» **Data excerpt**
•••
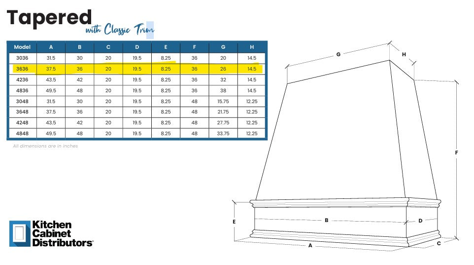 - Brooklyn Fawn Tapered Hood Classic Trim - 36" W x 36" H
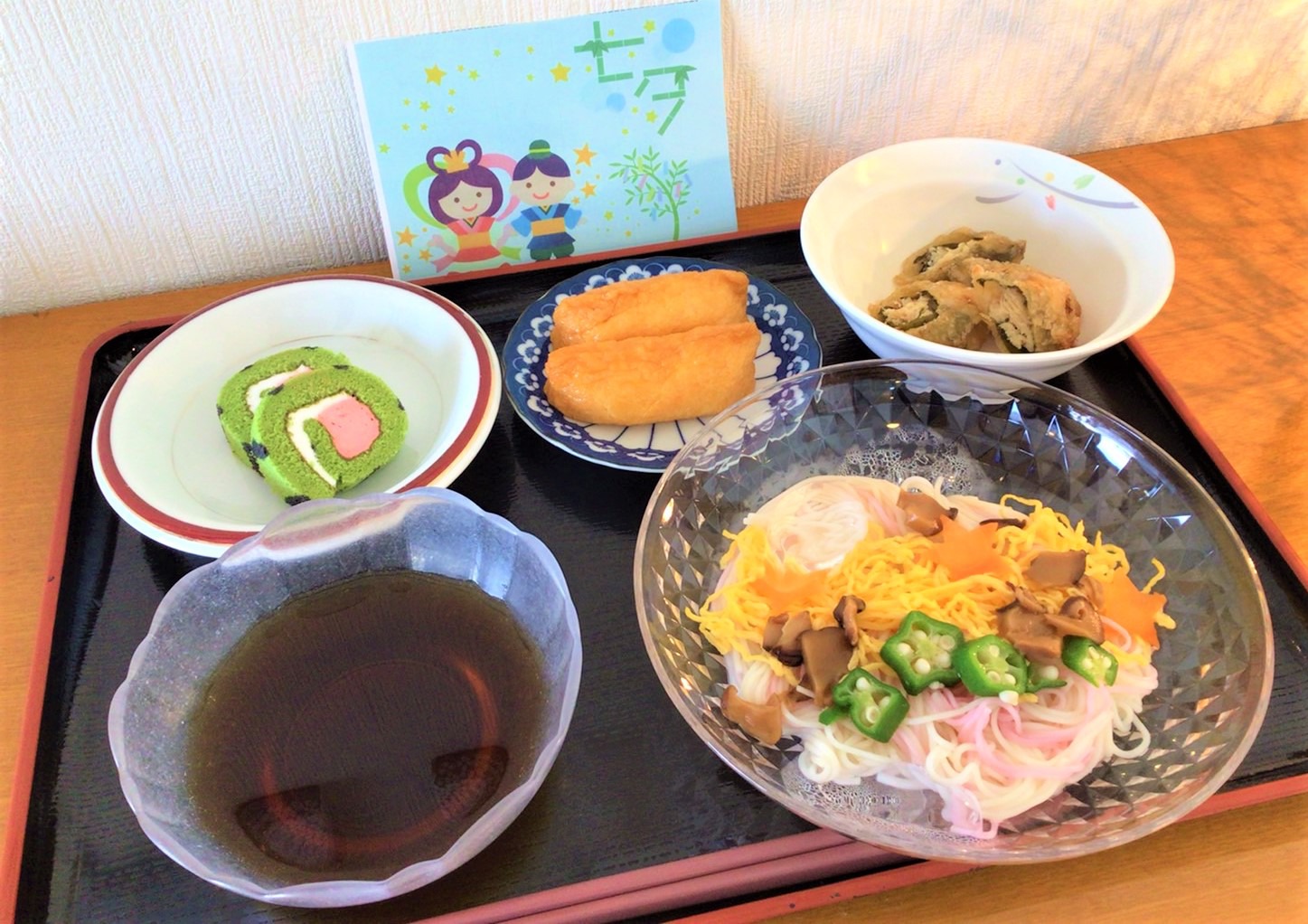 ランチは七夕そうめん、おやつは厨房さんが餡から手作りしてくれた「ずんだどら焼き」と天の川をイメージした「七夕サイダー」をご用意しました✨皆さん、「願が叶いそう!」と喜んでいただきました(⌒∇⌒)
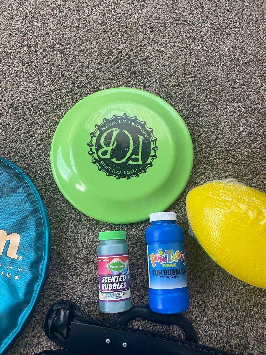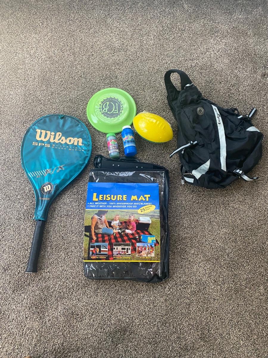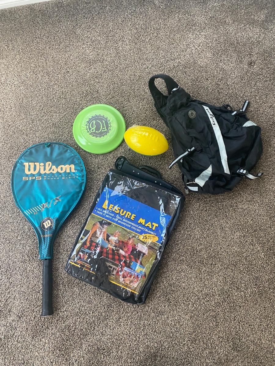 NICE WILSON OVERSIZED TENNIS RACKET, LEISURE MAT, EAST SPORT BACKPACK, FRISBEE AND FOAM FOOTBALL
•••
Without the pictures, write out the whole listing above exactly as it appears.

 - Brooklyn Fawn Tapered Hood Classic Trim - 36" W x 36" H
 ランチは七夕そうめん、おやつは厨房さんが餡から手作りしてくれた「ずんだどら焼き」と天の川をイメージした「七夕サイダー」をご用意しました✨皆さん、「願が叶いそう!」と喜んでいただきました(⌒∇⌒)
 NICE WILSON OVERSIZED TENNIS RACKET, LEISURE MAT, EAST SPORT BACKPACK, FRISBEE AND FOAM FOOTBALL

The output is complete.